ビットコインはオープンソースなお金だ。つまり、誰でも使えるだけでなく、発行にも決済にも関わることができる。そして、国家という兄弟な権力をもってしても、意のままに操ることはできない。ビットコインはネットワーク型の組織で運営されているから、公式文書もないし、インターネット上の公式サイトもない。(中略)
ビットコインの新しさは「中央集権的ではない」というところにある。ビットコイン的な「中央主権的ではない」通貨が普及することで、中央銀行を頂点とした金融システム、通貨発行権を背景にした政府の権力構造が変わるかもしれないからだ。(中略)
通貨の発行量には、2100万BTC(ビットコイン)という上限がある。なぜ、発行量の上限を設けているのかといえば、それはお金(通貨)の価値を維持するためだ。既存の通貨はアメリカのFRBや日本銀行のような中央銀行が恣意的に発行量をコントロールしている。
まあぶっちゃけこれ読んだだけではわからなかったから「ビットコイン」と検索をかけてビットコインに関して色々調べた。たぶん感覚的に、下記の動画がわかりやすいとおもいます。
もしくは、「ビットコインの『採掘』は儲かる!?ビットコインマイニングの簡単な仕組みから儲かる方法」
ここまで読んでひとつの疑問が生まれた。「べつに新しい通貨を使わなくても、既存の円やドルでいいんじゃないの?」と。それに対して、3人はこう話を広げていた。
茂木:でも日本ではまだ、ビットコインを使えるところが少ないよね。今、ビットコインで決済できるレストランって、半ば宣伝効果を狙って導入しているでしょ。
堀江:今はそうだけど、本当に真面目に導入に取り組んだら、すごい勢いで普及すると思う。15年前にインターネットカフェって流行ったでしょ。
金杉:宿泊所みたいになっている今のネットカフェと違って、自宅にネット環境がない人がネットをやりたくて通ったんだよね。

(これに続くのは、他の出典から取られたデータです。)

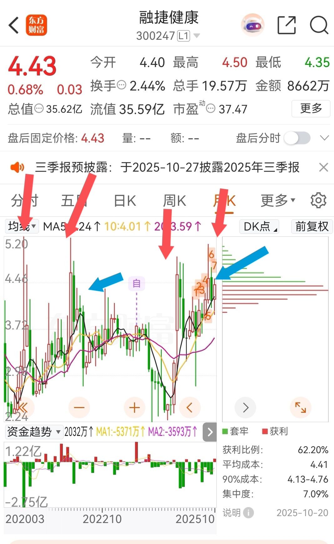 $融捷健康(SZ300247)$ 牛市已经尾声,融捷健康反弹到位,今天创业板大涨2%多,融捷健康已经涨不动,和上一轮牛市一模一样,月线形成双头,月线和2020-2021年3750点那轮一模一样走势。

堀江:それが今はみんなパソコンとかスマホを使って当たり前にネットにつないでいる。
茂木:やっと言いたいことがわかってきたぞ。今はEメールを送るように気軽に10円送ることはできない。
堀江:現在の決済の仕組みはものすごく非効率なんですよ。ビットコインを使うことで、送金や決済の仕組みが効率的になることは間違いないんですね。

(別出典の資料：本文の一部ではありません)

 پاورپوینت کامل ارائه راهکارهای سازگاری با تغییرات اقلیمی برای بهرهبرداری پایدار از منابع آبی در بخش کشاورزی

茂木:誰にでも少額のお金を送れるようになると、何が起こるんだろうね。
金杉:銀行講座もクレジットカードもなくなっちゃうのかな。携帯端末ひとつあれば、ビットコインのやり取りはできるからね。
茂木:そう。たとえばアフリカの誰かとも、銀行を介さず一対一で取引できる。そういう世界が開けた時に何ができるのか、想像力が試されるということだな。

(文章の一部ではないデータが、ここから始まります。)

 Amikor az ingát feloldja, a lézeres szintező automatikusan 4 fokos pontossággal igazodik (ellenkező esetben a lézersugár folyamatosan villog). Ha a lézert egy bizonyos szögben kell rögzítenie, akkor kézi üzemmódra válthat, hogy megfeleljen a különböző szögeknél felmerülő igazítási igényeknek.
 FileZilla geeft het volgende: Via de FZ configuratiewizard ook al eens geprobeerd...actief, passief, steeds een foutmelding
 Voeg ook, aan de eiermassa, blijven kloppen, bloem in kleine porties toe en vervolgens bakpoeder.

ふむふむ、なるほど。少額のお金を送ることにハードルがあると。ハードルをとっぱらって、もっと誰でも気軽にお金のやり取りをできるようにしようよということなんだとおもう。
とまあ対談形式で、3人が話しているので読みやすく、サッと読める一冊。
自分メモ
・読み物として面白くはないけど、話として面白い。
→読み物というのは、自分が想像力を膨らませることができるもの。そういう要素はない。3人の頭がいい人が「お金」の未来について答えを出しちゃうから、話としては面白い。
・「未来」の話は、対談形式がよいかも。
→ひとりの人がバーっと話すより、複数の人が様々な視点で話す方が面白いし、スピード感がある。